Sony has been known for its support of indie developers for years, but it seems especially keen to demonstrate that recently. Yesterday, it announced that the PlayStation Store would get an indie game area, and today it has shone a light on three new indie games that are coming to the store: Doki-Doki Universe, Hohokum (which you can find here), and CounterSpy (here).
Doki-Doki Universe is from a studio called HumaNature Studios (apparently that's “human nature”, not “huma nature”); founder Greg Johnson, who worked on Toejam and Earl back in the day, explains the game in a blog post. He describes the game as an “RPG/Simulation/Interactive Story”, but since that doesn't really pin it down he goes on to outline the story.

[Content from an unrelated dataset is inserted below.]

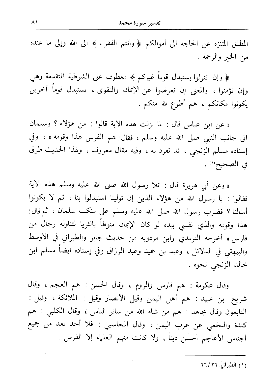 " وعن أبي هريرة قال: تلا رسول الله صلى الله عليه وسلم هذه الآية فقالوا: يا رسول الله من هؤلاء الذين إن تولينا استبدلوا بنا، ثم لا يكونوا أمثالنا؟ فضرب رسول الله صلى الله عليه وسلم على منكب سلمان، ثم قال: هذا وقومه والذي نفسي بيده لو كان الإيمان منوطاً بالثريا لتناوله رجال من فارس " أخرجه الترمذي وابن مردويه من حديث جابر والطبراني في الأوسط والبيهقي في الدلائل، وعبد بن حميد وعبد الرزاق وفي إسناده أيضاًً مسلم ابن خالد الزنجي نحوه.

You play a robot called Model QT377665 (or QT3 for short) which has been abandoned on an asteroid by its human family; after QT3 has dutifully waited for 11,432 days for the family to come back and get it like they said, an alien called Alien Jeff turns up to find out how much humanity this robot has and whether it should just be scrapped. Proving its humanity turns out to be a case of travelling to a variety of themed planets (the examples we're given are “cute, scary, gross, robot, ice”) and interacting with bizarre characters while Alien Jeff looks on. You'll also stop at asteroids to take visual personality tests, and the Therapist on your home planet (which you can decorate) will give you a personality report. The personality tests are available even if you don't pay for the game.
Alongside the game, HumaNature Studios will also release a free messaging app that will let players send animated messages to each other.
Johnson says he's tired of shooters, and this game reflects that. Do you feel the same?